Torniamo a Black Mirror. Il titolo all’episodio è Arkangel. Arkangel è un microchip impiantato nel cervello dei figli. Per mezzo di un tablet, il genitore può vedere ciò che vede il figlio, e attivare una sorta di filtro per oscurare le immagini violente, spaventanti, stressanti. Il chip Arkangel è ciò che il sistema Proteus (o qualcosa del genere) potrebbe fare tra qualche anno. Un meccanismo per cui tutto accade per via digitale. Lo psichiatra fa la diagnosi. Prescrive il farmaco. Il chip controlla. Il paziente non può più trasgredire. Questo è un mondo futuro, dove il cittadino modello è una sorta di androide, l’androide descritto immaginato narrato da Philip Dick, il cittadino modello dei regimi totalitari.

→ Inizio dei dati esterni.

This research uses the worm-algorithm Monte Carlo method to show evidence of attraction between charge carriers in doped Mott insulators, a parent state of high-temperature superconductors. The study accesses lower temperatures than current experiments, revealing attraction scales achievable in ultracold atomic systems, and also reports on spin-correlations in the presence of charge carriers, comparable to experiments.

“Vivremo in una democrazia in cui”, riprendo le parole di Han, “la libertà sarà stata un episodio”. Una democrazia neoliberale sotto il segno del like. Si immagini un collegamento tra il sistema Proteus che monitorizza l’assunzione del farmaco, e il profilo Facebook della persona stessa. Prendere il farmaco premiato dal like, non prenderlo sanzionato dal dislike. Essere puntuali nell’assunzione premiato da decine di love o haha oppure wow, il disattendere l’assunzione farmacologica sanzionato dal sigh o peggio dal grr. Sembra ridicolo a scriverlo, eppure stiamo già facendolo. Una specie di idiot savant si è inventato questo social network, e di anno in anno come un dio-bambino inventa nuovi codici, nuovi lemmi, nuove semplificazioni per narrare le relazioni. Sembriamo avviarci verso una semplificazione lessicale ed emotiva che rassomiglia alla neolingua immaginata da Orwell in 1984, la semplificata neolingua incaricata di sostituire l’archilingua perché l’archilingua è articolata, complicata, la neolingua è semplificata, funzionale a semplificare il pensiero.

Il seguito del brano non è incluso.